### What to do
Omit all pictures. Reproduce exactly the lines from the first line of the records below through the line with "Виляющий танец. Пчела".

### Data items
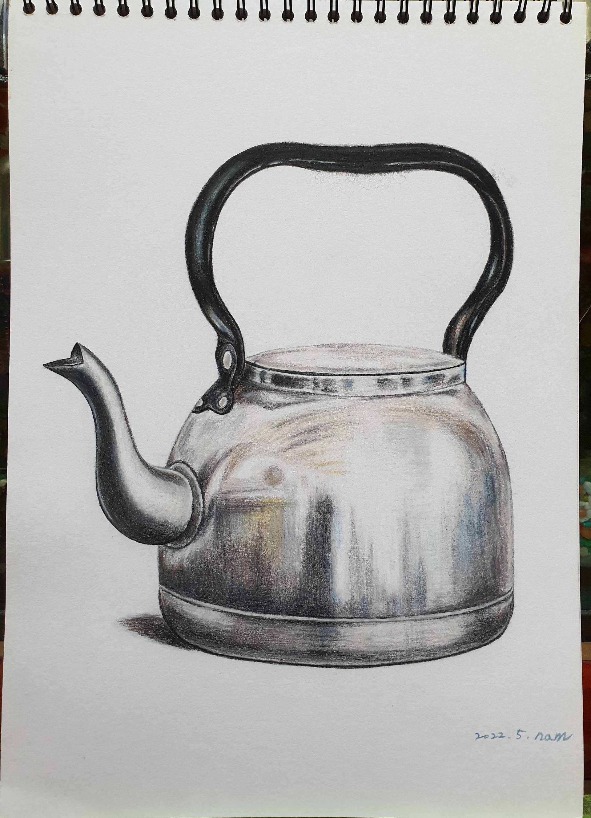 주전자의 형태가 복잡해 균형 대칭 잡는게 어려워보였는데 선생님 자세한 설명 덕분에 어느정도 따라 그릴수 있어 기분 좋았습니다^^~
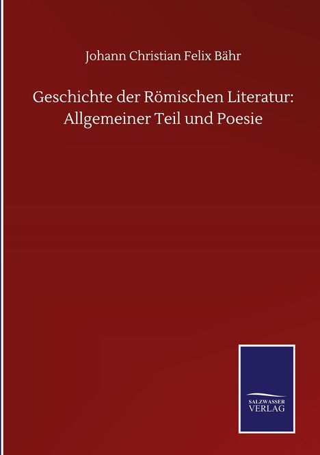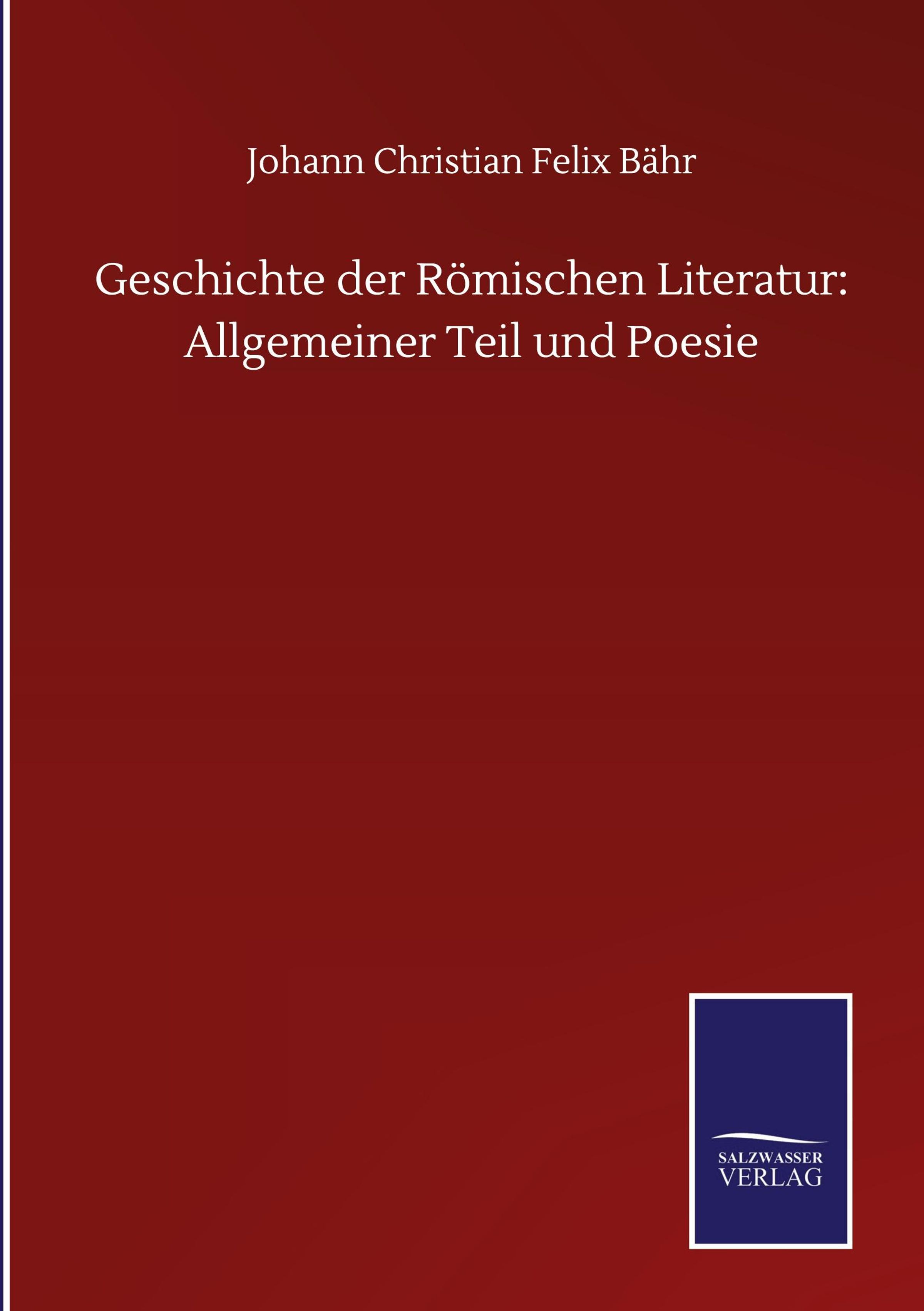 Johann Christian Felix Bähr: Geschichte der Römischen Literatur: Allgemeiner Teil und Poesie, Gebunden
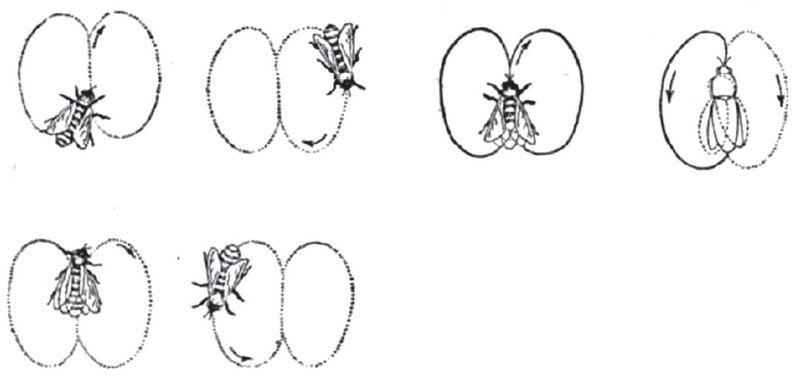 Виляющий танец. Пчела пробегает по рамке небольшой полукруг, делает поворот, бежит по прямой к исходному пункту. Затем описывает второй полукруг в другую сторону, т. е. делает два овальных круга, напоминающих восьмерку. При этом пчела во время танца еще делает быстрые виляющие движения брюшком. Такие танцы, несомненно, рассказывают другим пчелам о направлении и расстоянии до источника взятка или пыльцы. Чем дольше длится танец и чем больше прямые пробеги пчелы, тем дальше находится источник. Если пчела бежит вверх по соту, значит, источник находится по направлению к солнцу; если вниз – значит, источник корма – в противоположном от солнца направлении. Если корм находится вправо от солнца, танец пчелы отклоняется вправо. Если пробеги пчела совершает влево, значит, корм находится влево от солнца.
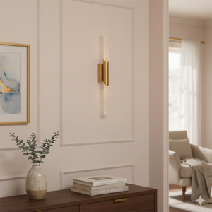 The Snow Flake LED Wall Light is a stunning blend of modern elegance and warm illumination. Designed with brass-finished metal and beautifully crafted transparent glass, it radiates a crystal-like glow that enhances any space. The elongated design spreads light both upward and downward, creating a sophisticated ambience. Perfect for living rooms, dining rooms, and bedrooms, this wall light adds a refined touch and transforms your interior with its luxurious and radiant charm.
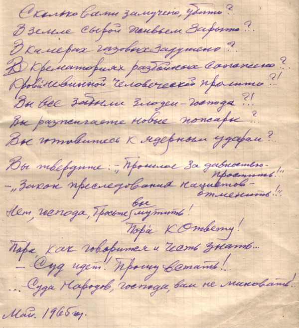 Мне и до сей поры дивно, как я мог пережить те гибельные часы? Как не сошел с ума! А были такие, что сходили с ума, были самоубийцы. Скажу Вам, что двадцать лет пребывания репрессированным не прошло для меня бесследно (1937 год – репрессия, 1957 год – реабилитация). Неожиданно пришла свобода. Я низко кланяюсь ЦК нашей партии, который раскрыл перед всем советским народом мерзкие дела заклятого агента и провокатора Берии и культ личности Сталина. Но организм мой подорван: нарушена центральная нервная система, сердечные приступы – все это свернуло меня с пути моих творческих поисков, моей литературной работы. Наша медицина пока еще поддерживает меня… И не только медицина.
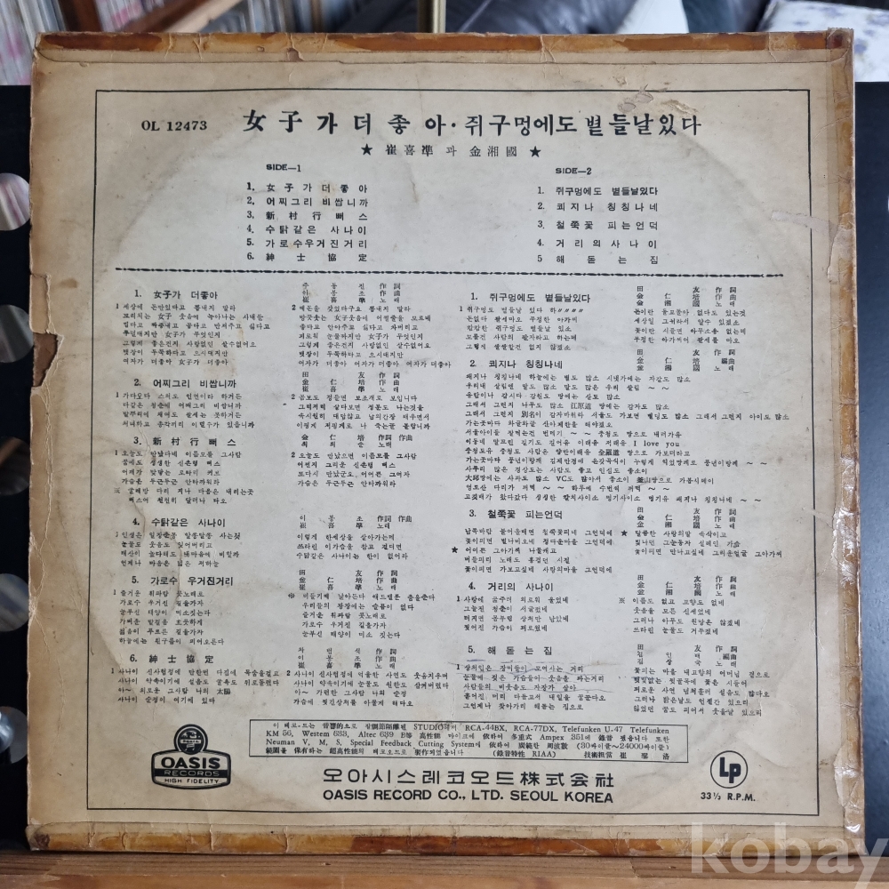 (희귀반) 최희준 [여자가 더좋아], 김상국 [쥐구명에도 볕들날있다] 오아시스레코드
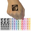 The sheet features 28 temporary tattoos in the design shown in a variety of sizes to suit your needs. Each size references the longest side of the tattoo: 2 inch (qty of 6), 1.5 inch (qty of 4), 1.25 inch (qty of 5), 1 inch (qty of 6), 0.75 inch (qty of 7).
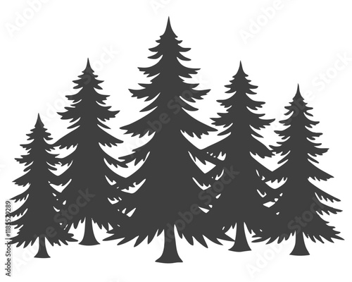 A festive winter forest with snow-covered pine and fir trees, perfect for a Christmas card or holiday decoration design
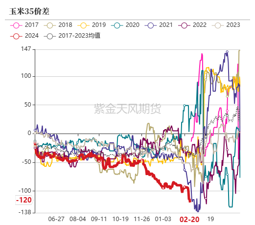 由于3月仍处年后卖压集中释放阶段,供应仍旧较为集中,加上气温逐渐回升,粮源存在霉变风险,故出粮较为集中,价格承压,故2503贴水2505;9月是传统玉米青黄不接时期,供需压力较小,且需求处于转好的关键点,故价格表现相较5月较为强势,故2505贴水2509。预计后期近月月差在接近前高位置或仍会遇阻下行。
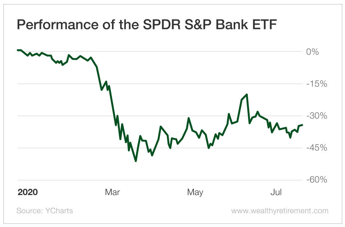 Meanwhile, share prices in the banking sector reflect near-term challenges, not the eventual intermediate-term rebound. The American banking sector, as represented by the SPDR S&P Bank ETF (NYSE: KBE), is still down almost 35% year to date.
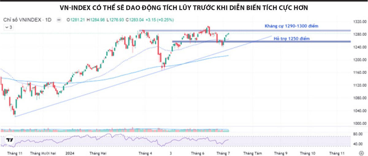 Nhìn chung, bối cảnh vĩ mô trong và ngoài nước đang có sự cải thiện. Tỷ giá ổn định trở lại khi các dữ liệu kinh tế Mỹ ủng hộ Fed giảm lãi suất, dự kiến vào tháng 9 tới. Kinh tế trong nước đang đi qua những khó khăn, hoạt động sản xuất - kinh doanh và tiêu dùng trở nên vững chãi hơn, qua đó tác động tích cực đến thị trường chứng khoán. Tâm lý thị trường được cải thiện và độ rộng của sắc xanh tăng dần qua từng phiên cho thấy, VN-Index đang nỗ lực kết thúc nhịp điều chỉnh kỹ thuật. Thời điểm hiện tại có thể nhận định, chỉ số sẽ dao động tích lũy trong vùng 1.250 - 1.290 điểm trước khi diễn biến trở nên tích cực hơn.
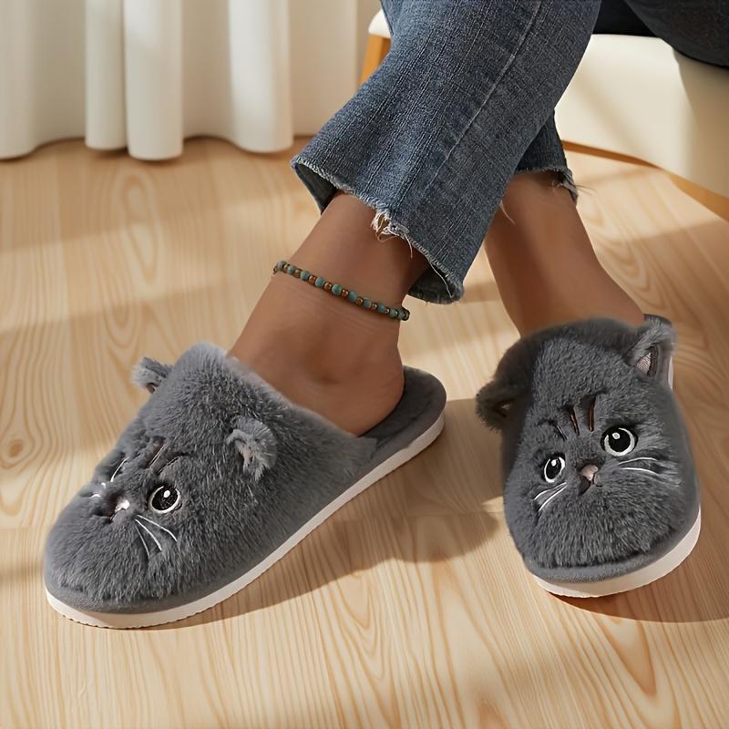 Милые кошачьи тапочки Женские плюшевые тапочки Мультяшный узор с котенком, Теплые домашние тапочки для осени и зимы, Унисекс мягкие тапочки, Парные тапочки
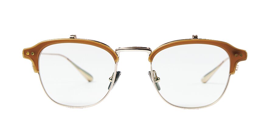 着用写真でもわかるように、跳ね上げ機構の存在は悪目立ちすることなく、普段使いになんら問題のない細さとデザイン性を兼ね備えている。クラウンパントやブロウタイプなど、クラシックで普遍的なラインナップも、トラッド好きにはたまらないポイント。お洒落にこだわりたい人のための老眼鏡なのだ。
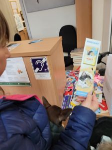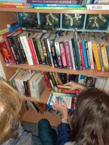 Wszyscy, którzy nas odwiedzili, chętnie brali udział w zabawie. Każdą poprawną odpowiedź nagradzaliśmy książkami wybieranymi przez uczestników quizu, a także pięknymi kolorowymi zakładkami. Najmłodsi uczestnicy Nocy Bibliotek z ogromną radością wybierali z wielkiego stosu zakładki z pieskami i kotkami. Zabawa była nad wyraz udana – świadczył o tym prawie pusty regał z książkami. Bardzo się cieszymy, że wręczyliśmy aż tak dużo książek!
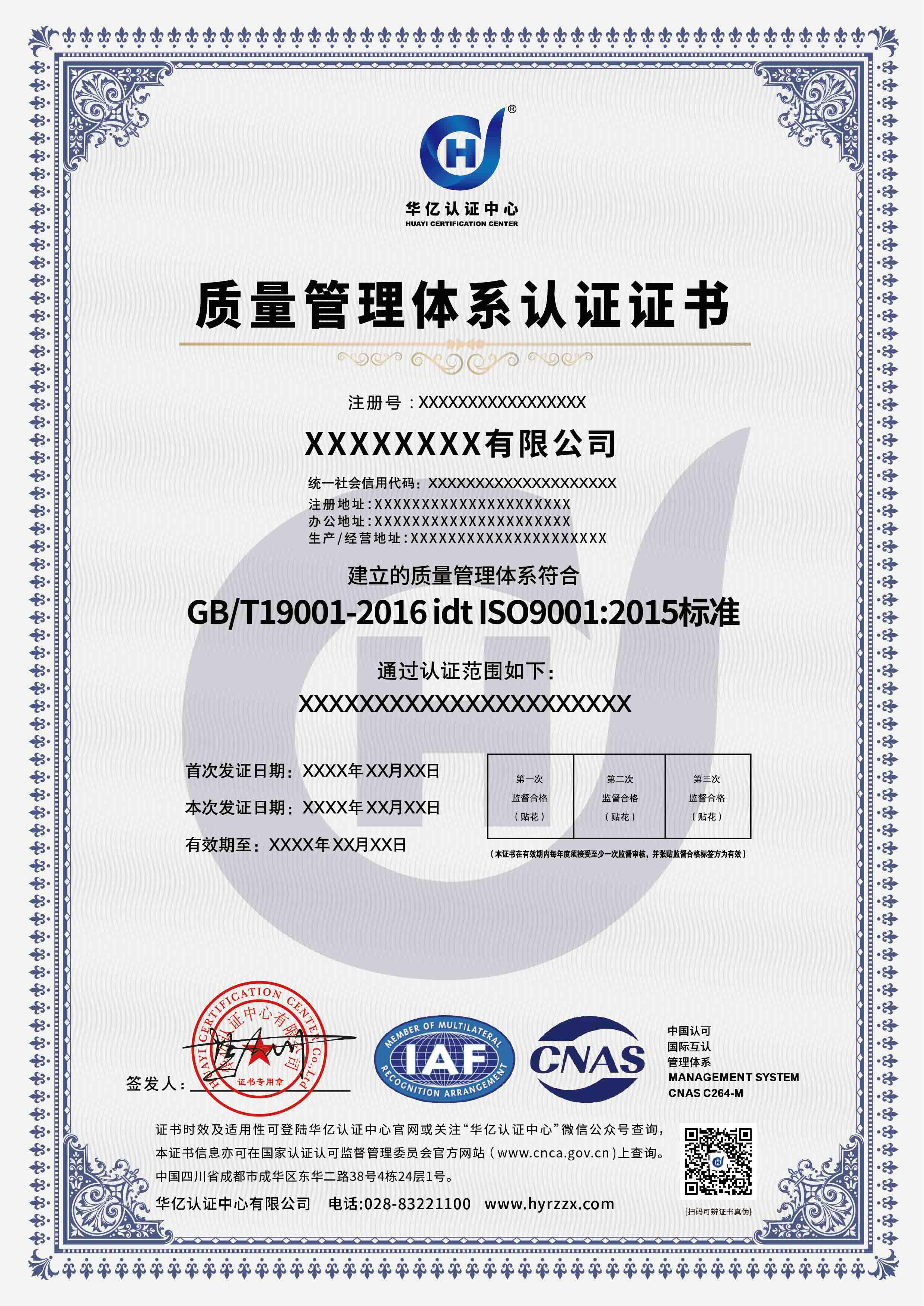 质量管理体系证书
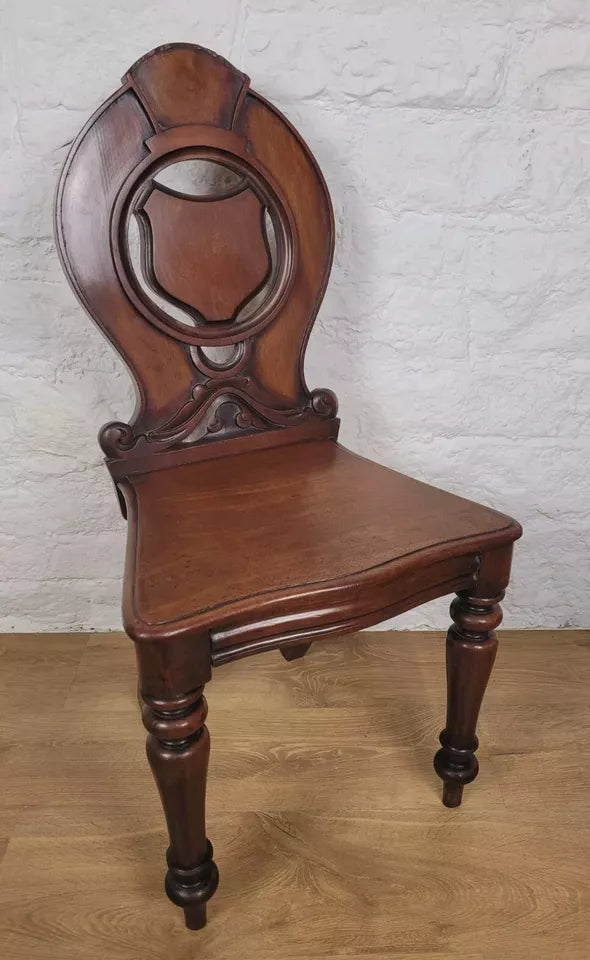 Georgian Hall Chair Shield Back Circa 1860 Carved English Postage Available

### Response to the exercise
 주전자의 형태가 복잡해 균형 대칭 잡는게 어려워보였는데 선생님 자세한 설명 덕분에 어느정도 따라 그릴수 있어 기분 좋았습니다^^~
 Johann Christian Felix Bähr: Geschichte der Römischen Literatur: Allgemeiner Teil und Poesie, Gebunden
 Виляющий танец. Пчела пробегает по рамке небольшой полукруг, делает поворот, бежит по прямой к исходному пункту. Затем описывает второй полукруг в другую сторону, т. е. делает два овальных круга, напоминающих восьмерку. При этом пчела во время танца еще делает быстрые виляющие движения брюшком. Такие танцы, несомненно, рассказывают другим пчелам о направлении и расстоянии до источника взятка или пыльцы. Чем дольше длится танец и чем больше прямые пробеги пчелы, тем дальше находится источник. Если пчела бежит вверх по соту, значит, источник находится по направлению к солнцу; если вниз – значит, источник корма – в противоположном от солнца направлении. Если корм находится вправо от солнца, танец пчелы отклоняется вправо. Если пробеги пчела совершает влево, значит, корм находится влево от солнца.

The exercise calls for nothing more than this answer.